Work instructions -
Of all the lines below, return only those starting with the line holding "Mule in pelle" and going on through the line holding "Employees sew personal", exactly as written.

Entries shown -
----
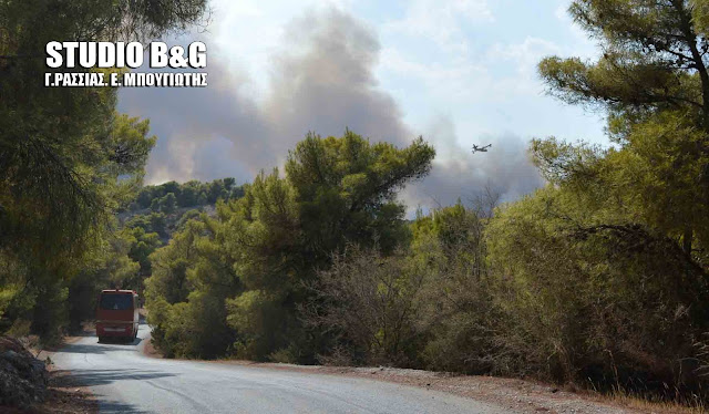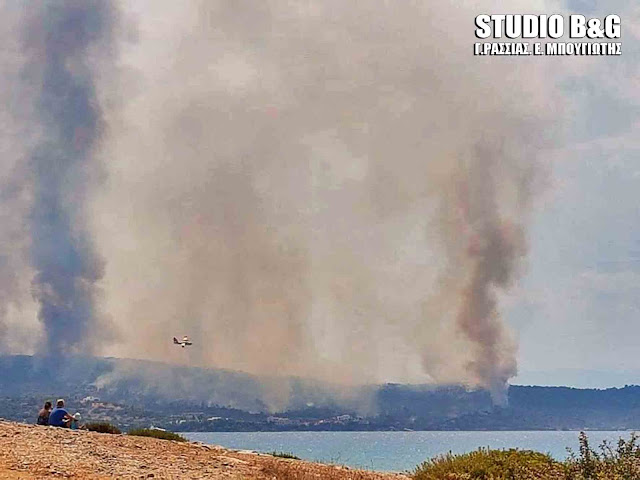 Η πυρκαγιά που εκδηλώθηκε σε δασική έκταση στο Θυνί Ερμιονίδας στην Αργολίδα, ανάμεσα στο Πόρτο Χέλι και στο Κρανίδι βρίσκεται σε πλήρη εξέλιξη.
----
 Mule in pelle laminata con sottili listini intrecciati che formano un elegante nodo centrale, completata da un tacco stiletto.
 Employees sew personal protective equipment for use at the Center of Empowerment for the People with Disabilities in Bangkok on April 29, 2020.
----
Your response -
 Mule in pelle laminata con sottili listini intrecciati che formano un elegante nodo centrale, completata da un tacco stiletto.
 Employees sew personal protective equipment for use at the Center of Empowerment for the People with Disabilities in Bangkok on April 29, 2020.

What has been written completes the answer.